Earl Edwards is married to Elianny Edwards, a GSE&IS doctoral student in the Division of Human Development & Psychology. Mrs. Edwards is also an alumna of A Better Chance and a BMI researcher; she will teach a “Sister-to-Sister” course in Winter of 2018. She has also created her own mentoring program for Latina high school students. The couple’s philosophy of “paying it forward” for the next generation of students is no coincidence. In his research on student homelessness, Earl Edwards has found that those who have overcome this kind of adversity and have succeeded both academically and professionally, also want to give back to those who face similar challenges.

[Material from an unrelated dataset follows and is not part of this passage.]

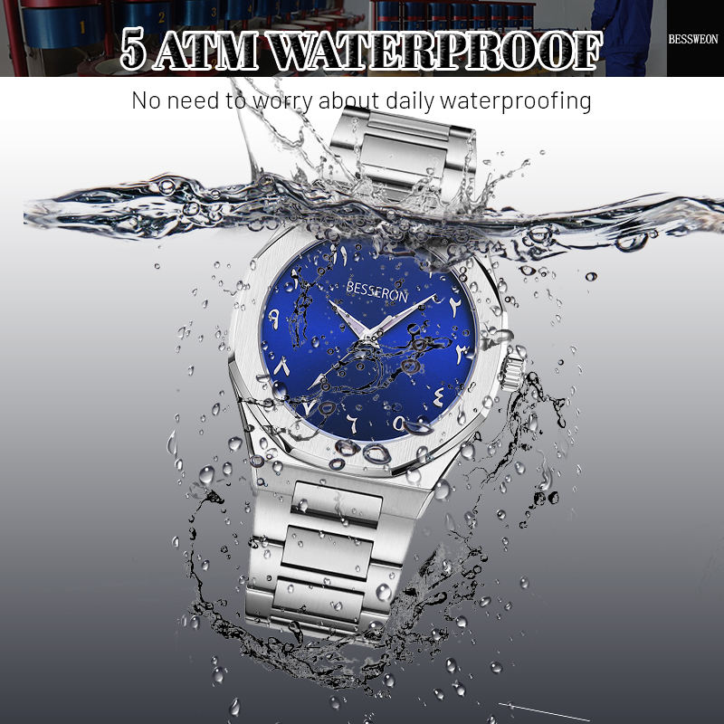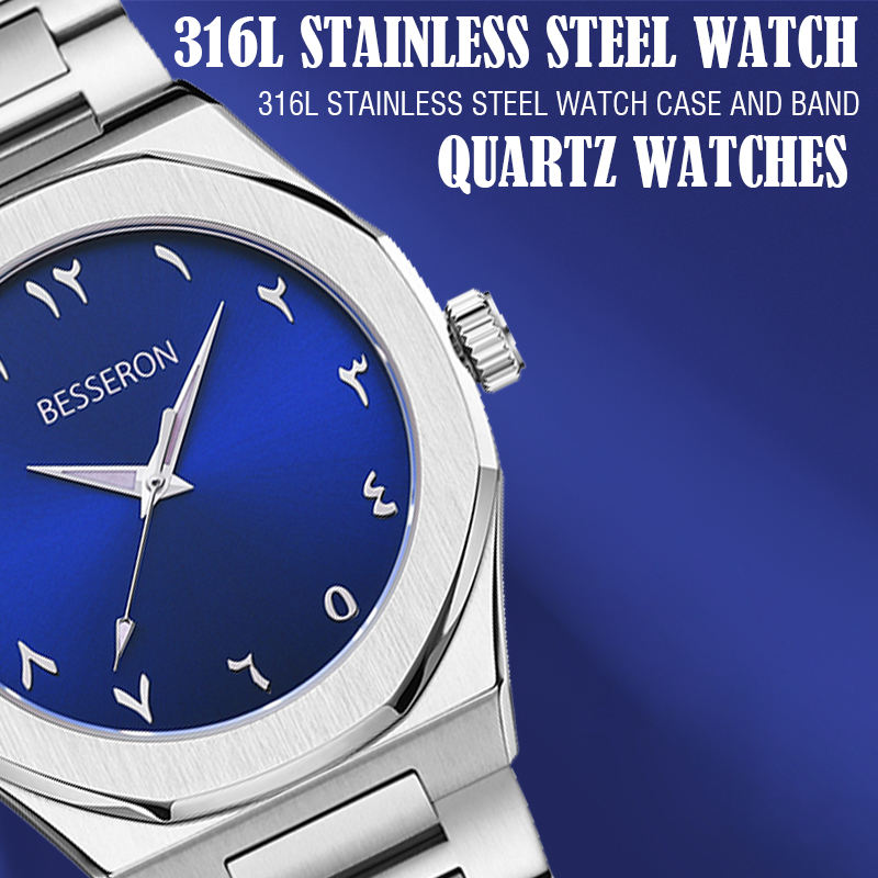 Montre à quartz pour homme en acier inoxydable, personnalisable OEM, luxe, cadran argenté avec chiffres arabes, logo, style sportif tendance, fabriquée en Chine

“Among all the individuals I’ve talked to, they want a job where they’re giving back and helping individuals that are also facing adverse situations,” he observes. “Some just graduated from high school and are going to community colleges. Others are at places like UCLA and are doing extremely well. You would think after facing homelessness and living in poverty, the students would make it to a college and pick a career that guarantees them the most money possible.’

“They all said, ‘No, I want to be a teacher.’ ‘I want to be a professor.’ ‘I want to be a researcher on homelessness to figure out how we can make sure fewer kids have to go through that.’ That says a lot about the value that these individuals have in our society and what we can do moving forward. Too often, we look at it like, ‘They’re not doing well. They have all these achievement gaps.’ We need to look at it from the perspective of when these young people have the opportunity to do what they can do with a stable environment, they can thrive and they can actually do a lot to help our country – to help us as a whole, to do better and to do more.”